» **WHAT YOU HAVE TO DO**
Pictures should be left out when the listing below is repeated word for word.

» **COLLECTED MATERIAL**
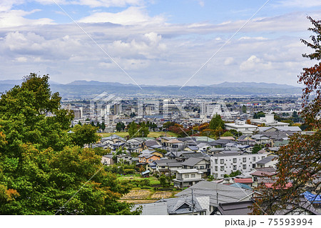 福島県会津若松市飯盛山のさざえ堂広場付近の石段から西側の市街眺望
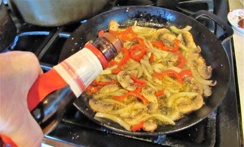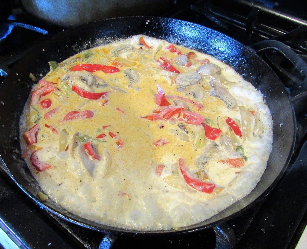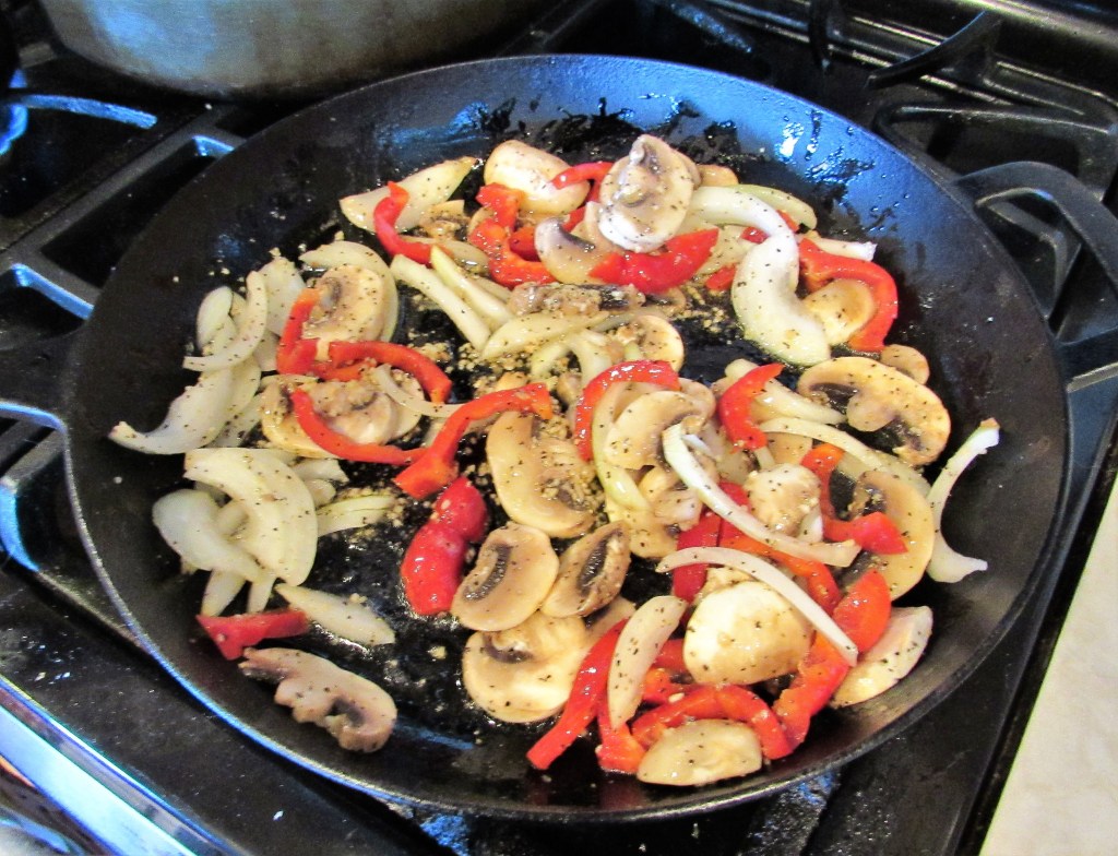 I love creamy sauces. They are a weakness of mine. So I decided to make my sauce a bold, creamy sauce, full of big, hearty flavors. I sauteed mushrooms, onions, red bell peppers and roasted Hatch chilies for the base, then added the Grand Marnier and cream to finish it off.
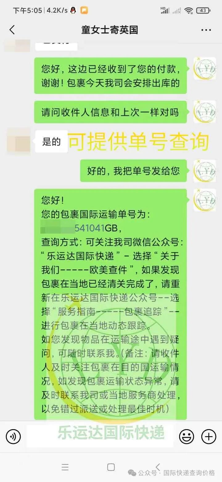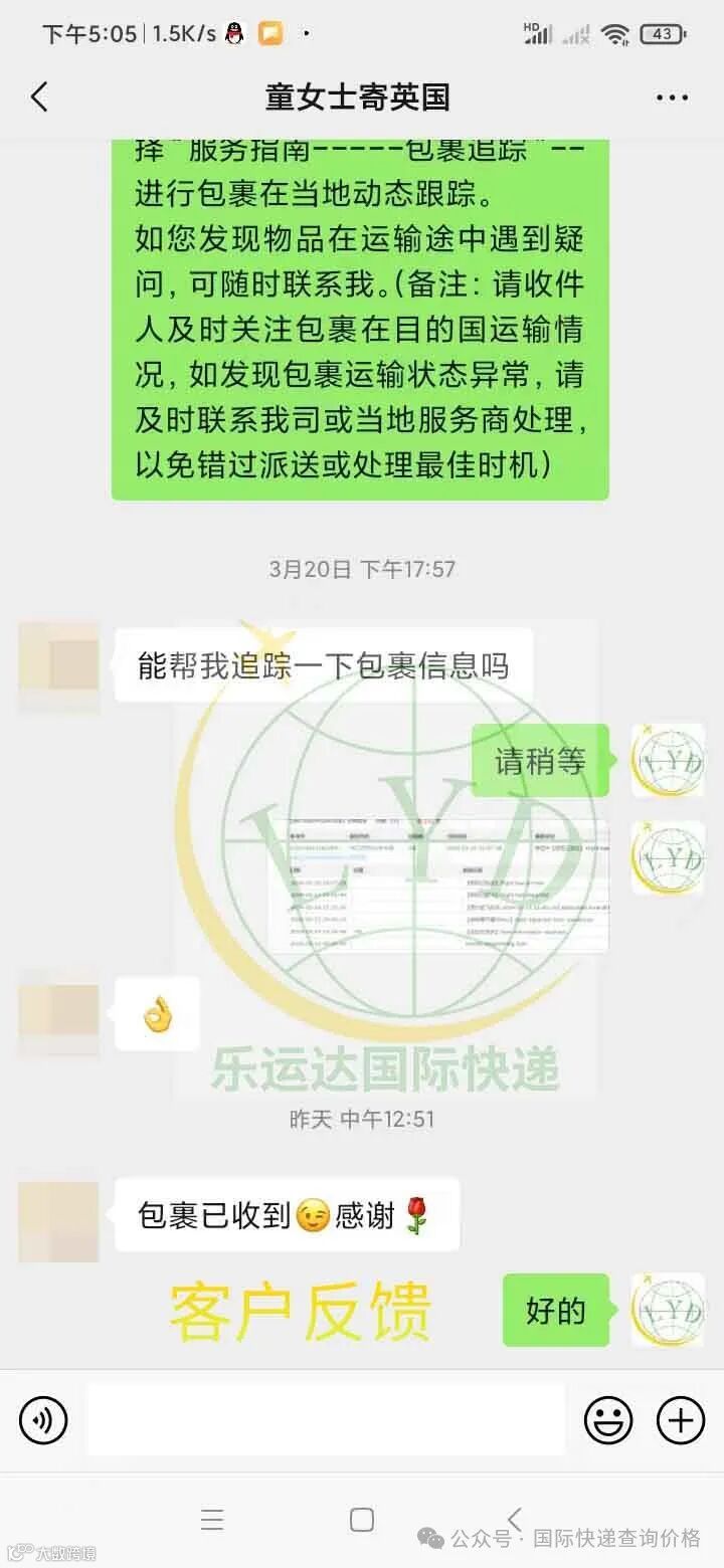 在全球化的今天,跨国邮寄已成为人们生活中的常见需求。天津市的童女士经常需要邮寄食品、药品以及生活用品给在英国留学的孩子,这次童女士需要邮寄一些食品以及调味料到英国去,但是询问过一些常见的国际快递如顺丰、DHL 等,都表示无法邮寄粉末类的调味料,为此童女士也是多方询问,最终在网上找到了乐运达国际快递,在了解邮寄要求以及注意事项后,决定进行邮寄,大概花了10天左右时间把包裹寄到了英国收件人手中。

» **COMPLETED EXERCISE**
 福島県会津若松市飯盛山のさざえ堂広場付近の石段から西側の市街眺望
 I love creamy sauces. They are a weakness of mine. So I decided to make my sauce a bold, creamy sauce, full of big, hearty flavors. I sauteed mushrooms, onions, red bell peppers and roasted Hatch chilies for the base, then added the Grand Marnier and cream to finish it off.
 在全球化的今天,跨国邮寄已成为人们生活中的常见需求。天津市的童女士经常需要邮寄食品、药品以及生活用品给在英国留学的孩子,这次童女士需要邮寄一些食品以及调味料到英国去,但是询问过一些常见的国际快递如顺丰、DHL 等,都表示无法邮寄粉末类的调味料,为此童女士也是多方询问,最终在网上找到了乐运达国际快递,在了解邮寄要求以及注意事项后,决定进行邮寄,大概花了10天左右时间把包裹寄到了英国收件人手中。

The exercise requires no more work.